The result was a cookbook, "Adventures in Good Cooking," which became a best-seller. It first came out in 1939, when Hines was 59 years old, and he updated it every year after that. It wasn't until a decade later that he became a partner in a food preparation business; its popular cake-mix line was introduced two years after that.

Although the cake mixes have pushed aside the nation's collective memories about Hines' other achievements, the University Press of Kentucky is working to reverse that by re-releasing "Adventures in Good Cooking" and its 1955 follow-up, "The Dessert Book." For the first time in decades, we can revisit the best recipes from some of the best restaurants of the '40s and '50s.

What is surprising -- or not, depending on your expectations -- is how well the recipes still hold up today. Sure, you occasionally run into a recipe for Jellied Meat Mold, but most of the offerings would be welcome in any kitchen today.

Even so, some of the directions require 21st-century translation. One recipe called for a No. 2 can of tomatoes. You still occasionally see a reference to a No. 10 can, though it is so large it is generally only used by commercial operations. A No. 2 can, which does not seem to be used anymore, held 20 fluid ounces, or 2 1/2 cups.

One modern adjustment I had to make was to the recipe for Rum Cream Pie, which was created and served by the Smorgasbord restaurant in Stow, Ohio. The Smorgasbord opened in 1939, the same year the cookbook was first released. That was less than six years after Prohibition came to an end, and judging by the amount of rum in the recipe, one-half cup, Americans were still celebrating its repeal.

I made the recipe with the full half-cup, and it was spectacular. But to tell the truth, it was a little rummy. Instead, I would recommend using somewhat less rum -- two or three ounces, instead of four -- unless you want the full, 1939 effect. If you do use the full amount, don't drive after you eat a piece.

Nothing says the 1940s, and the Duncan Hines aesthetic, like some nice, homemade gingerbread muffins. Based on a recipe from Cock O' the Walk restaurant in Oakland, Calif., these muffins are full of rich goodness (butter, sugar, eggs, molasses) and flavored with cinnamon and ginger. A healthy dose of baking soda makes them bake up deliciously light and fluffy.

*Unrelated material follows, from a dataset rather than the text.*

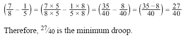 Example: The tolerance for rigging the aileron droop of an airplane is 7/8 inch ± 1/5 inch. What is the minimum droop to which the aileron can be rigged? To subtract these fractions, first change both to common denominators. The common denominator in this example is 40. Change both fractions to 1/40, as shown, then subtract.

I next made a dish that seemed so modern, you could picture it in any hipster restaurant today. Aubergine Pont Neuf was created by a well-known French restaurant in New York City, Voisin. Despite the dish's intimidating name -- it is named for a famous bridge in Paris -- it is really just french-fried eggplant sticks.

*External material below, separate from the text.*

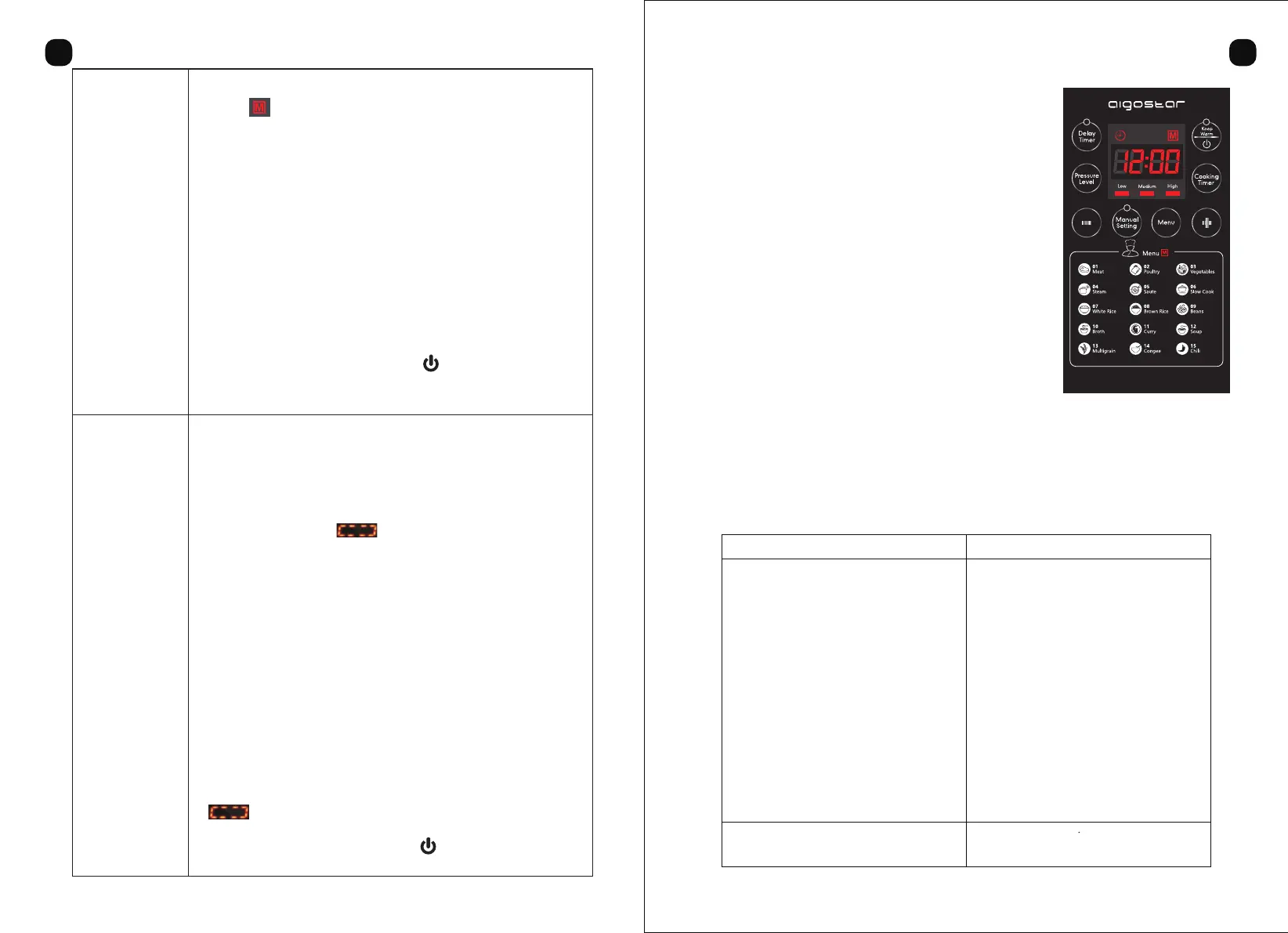 gotować na funkcji “Ustawienia Ręczne”, wyświetlacz wyświetli czas

Simply peel an eggplant and cut it into strips "as for French frying." Dip them in flour, then egg, then breadcrumbs, and drop them in hot oil for three minutes (our idea of french fries is smaller than the 1939 idea, so I shortened the frying time accordingly). The crispy fried exterior is a wonderful foil for the surprisingly soft, almost creamy eggplant interior.

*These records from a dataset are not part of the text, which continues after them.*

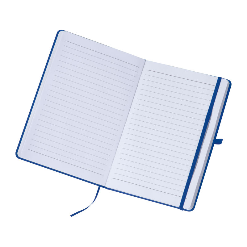 A5 linkovaný poznámkový blok se 160 stranami (80 listů), pevným PU obalem, černou záložkou a gumičkou na zavírání. Rozměry: 14 x 21 x 1,3 cm
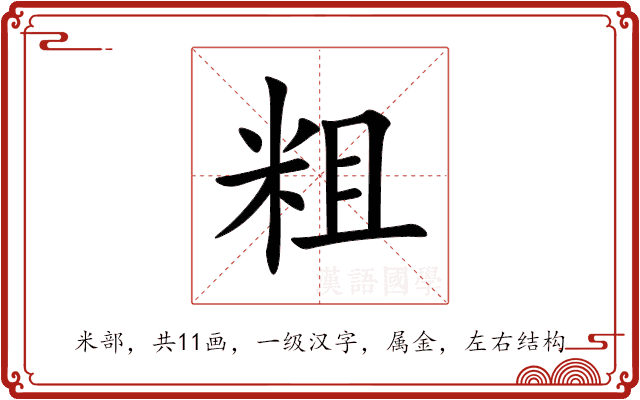 粗,大也。凡不精者皆曰粗。 —— 《广雅》其器高以粗。 —— 《礼记·月令》其声粗以厉。 —— 《礼记·乐记》粗布之衣。 —— 《荀子·正名》
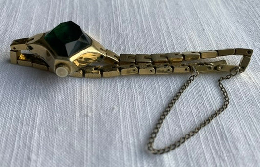 Rare 1970'S Fine Emerald Green Diamond Cut Facade Wristwatch
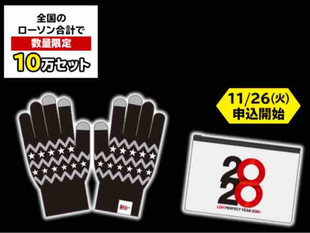 最後にスタンプ80個でもらえるグッズとして、LDH PERFECT YEAR 2020コラボグッズのスマホ手袋+スライダーポーチとなる。先着数量限定で全国のローソン合計で10万セットの在庫が用意されている。スマホ手袋はフリーサイズで約全長22cm×手囲い8cm、スライダーポーチは約縦17cm×横26cm×底マチ4cmとなる。11/26申込開始となる。

And for an entrée, I turned to a recipe that, in 1939, must have seemed exotic, Chicken Creole. But this recipe came from the world-famous Antoine's Restaurant in New Orleans, the only restaurant of the recipes I sampled that is still in existence. And Antoine's Chicken Creole is not just any Chicken Creole; it is one of the dishes that came to define Creole cooking for a generation of Americans.

It has a rich mixture of bold flavors, but it is not overwhelming.

Chicken Creole is no longer on the menu at Antoine's. But if you make its old recipe, or any of the other recipes in the book, it is like taking a bite out of the 1940s.